Binary Classification: Predicts if a sequence is Complete vs. Fragment.
Multilabel Classification: Predicts the type of fragment (N-terminal, C-terminal, Internal gaps).

This repository provides a complete pipeline — from raw UniProt data parsing and embedding preparation to model training, hyperparameter tuning, and a comprehensive evaluation suite.

🚀 Repository Structure

.
├── configs/
│   └── default.yaml              # Hyperparameters for data, model, training
│
├── data/
│   ├── embeddings/               # Stores individual [entry].pt files
│   ├── processed/
│   │   ├── metadata_raw.csv      # Output of 01_parse...
│   │   ├── clustered/            # Output of 02_run_mmseqs...
│   │   └── metadata.csv          # Output of 04_create_splits... (FINAL)
│   └── uniprot/
│       ├── bulk_embeddings/      # (Your downloaded HDF5 files)
│       ├── fragments.fasta
│       ├── complete.fasta
│       └── fragment_annotations.tsv
│
├── scripts/
│   ├── 01_parse_uniprot_data.py           # Parses FASTA/TSV -> metadata_raw.csv
│   ├── 02_run_mmseqs.sh                   # Creates representative_ids.txt
│   ├── 03_unpack_embeddings.py            # (NEW) Converts bulk H5 -> individual .pt files
│   ├── 04_create_train_val_test_splits.py # (Formerly 03) Creates final metadata.csv
│   └── (05_... synthetic data scripts)
│
├── src/                          # All Python source code
│   ├── __init__.py
│   ├── data.py                   # PyTorch Dataset and DataModule
│   ├── metrics.py                # Custom MCC and Multilabel metrics
│   ├── model.py                  # The FragmentDetector LightningModule
│   └── utils/
│       └── fragment_parser.py    # Core logic for parsing NON_TER/NON_CONS
│
├── checkpoints/                  # Saved model .ckpt files
├── lightning_logs/               # Local CSV/W&B logs
├── results/                      # Evaluation outputs (plots, .json, .txt)
│
├── train.py                      # Main training script
├── evaluate.py                   # Main evaluation script
├── requirements.txt              # Project dependencies
├── QUICKSTART.md                 # Step-by-step tutorial
└── README.md                     # This file

🏗️ Model Architecture

The model is a multi-task classifier with a shared backbone:

Input: ProtT5 Embedding (1024-dim)
    ↓
Shared Encoder:
    Linear(1024 → 512) + BatchNorm + ReLU + Dropout
    Linear(512 → 256) + BatchNorm + ReLU + Dropout
    ↓                     ↓
Binary Head           Multilabel Head
(1 neuron)            (3 neurons)
    ↓                     ↓
Complete/Fragment    [N-term, C-term, Internal]

Loss Function

The total loss is a weighted sum of the two task losses.
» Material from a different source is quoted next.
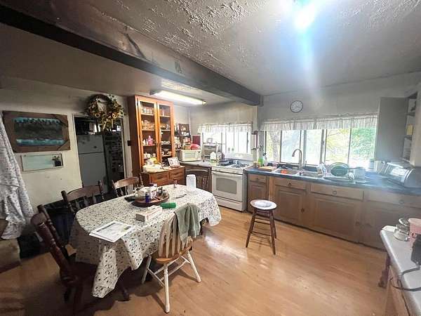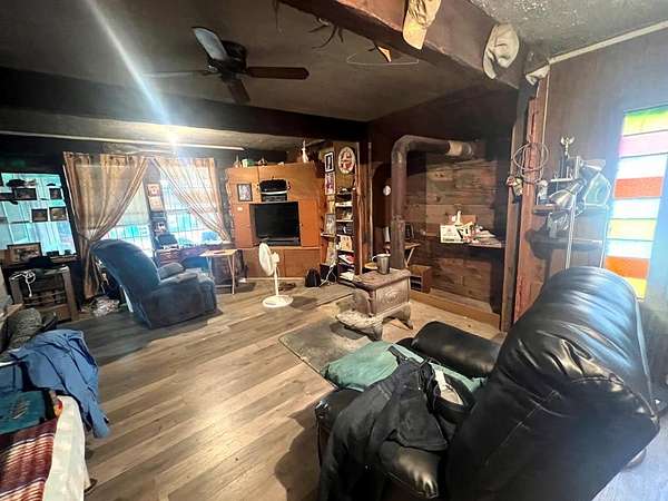 Escape to Serenity: 10-Acre Private Haven, unwind in peace & quiet, blending rustic charm and self-sufficient living. Remote electric gate and perimeter fencing, a cool spring feeds a gentle creek. Rolling meadows, mature trees, and undulating terrain feel expansive-perfect for gardening, grazing, or relaxation. Enter cozy comfort in this 2-story site-built home: 4 bedrooms, 2 bathrooms, metal roof. The living room warms with a wood-burning heater, leading to a well-equipped kitchen, spacious bedrooms, updated baths, and easy upstairs stairs. Enjoy the screened, covered front porch overlooking serene views. Ideal for DIY enthusiasts, numerous versatile workshops for storage, hobbies and more, backed by two water wells. Seamlessly step into resourceful living amid peaceful country living. Yet still convenient to town. More than land-a lifestyle upgrade. Contact us for a private tour and claim your off-grid bliss!

Class weights are used to handle data imbalance:

$$L_{total} = w_b \cdot L_{BCE}(binary) + w_m \cdot L_{BCE}(multilabel)$$

💡 Key Design Decisions

Multi-task Learning: A shared encoder learns common fragment features, while separate heads specialize.
Redundancy Reduction: MMseqs2 is used to cluster the dataset and remove redundant sequences, preventing data leakage between train and test sets and ensuring the model learns generalizable features.
Correct C-Terminal Parsing: src/utils/fragment_parser.py correctly uses sequence length to differentiate N-terminal, C-terminal, and internal NON_TER annotations.
Multilabel (Not Multiclass): The fragment type head is multilabel (sigmoid on 3 neurons), as fragments can have multiple incompleteness types simultaneously.
Stratified Splitting: The scripts/04_... script creates reproducible splits stratified by both fragment status and sequence length bins to prevent the model from learning trivial length-based heuristics.
Robust Evaluation: The primary metric is Matthews Correlation Coefficient (MCC), which is ideal for imbalanced datasets. We also monitor val/loss_total with EarlyStopping to prevent severe overfitting.
Config-Driven: All hyperparameters, paths, and training settings are controlled via configs/default.yaml and can be overridden via the command line.

⚡ Usage

For a complete step-by-step guide, see QUICKSTART.md.

General Workflow

# 1. Download UniProt raw data (FASTA, TSV)
# 2. Download UniProt bulk embeddings (HDF5)
# (See QUICKSTART for details)

# 3. Run the 4-step data processing pipeline
python scripts/01_parse_uniprot_data.py
bash scripts/02_run_mmseqs.sh
python scripts/03_unpack_embeddings.py
python scripts/04_create_train_val_test_splits.py

# 4. Train the model (and monitor on W&B)
python train.py --config configs/default.yaml

# 5. (Optional) Run Hyperparameter Experiments
python train.py --config configs/default.yaml --override model.learning_rate=0.0001

# 6. Evaluate your best model from W&B
python evaluate.py \
  --config configs/default.yaml \
  --checkpoint checkpoints/fragment-detector-BEST_MCC-....ckpt \
  --output-dir results/evaluation_final

🩺 Troubleshooting

🧠 OutOfMemoryError (OOM)

Reduce data.batch_size in configs/default.yaml.
Set training.precision: 16 for mixed-precision.

📂 Embeddings Not Found

During 04_create_splits...: Your 03_unpack_embeddings.py script may have been interrupted or failed. Re-run it.
During train.py: Your data/processed/metadata.csv is out of sync with your data/embeddings/ folder. Re-run scripts/04_create_train_val_test_splits.py to re-scan the folder and create a clean metadata.csv.

📉 Poor Convergence (Low `val/binary_mcc`)

Your learning_rate might be too high (e.g., 0.001). As we found, 0.0001 is much more stable.
Try increasing model.weight_decay (e.g., to 0.01) to fight overfitting.

🌐 W&B Error 401: User Not Logged In

Your W&B API key is invalid or expired.
Run wandb login --relogin in your terminal and paste a new API key.

Provide feedback

Saved searches

Use saved searches to filter your results more quickly

Uh oh!

Repository files navigation

ProtFrag - Protein Fragment Prediction from pLM Embeddings

🚀 Repository Structure

🏗️ Model Architecture

Loss Function

💡 Key Design Decisions

⚡ Usage

General Workflow

🩺 Troubleshooting

🧠 OutOfMemoryError (OOM)

📂 Embeddings Not Found

📉 Poor Convergence (Low `val/binary_mcc`)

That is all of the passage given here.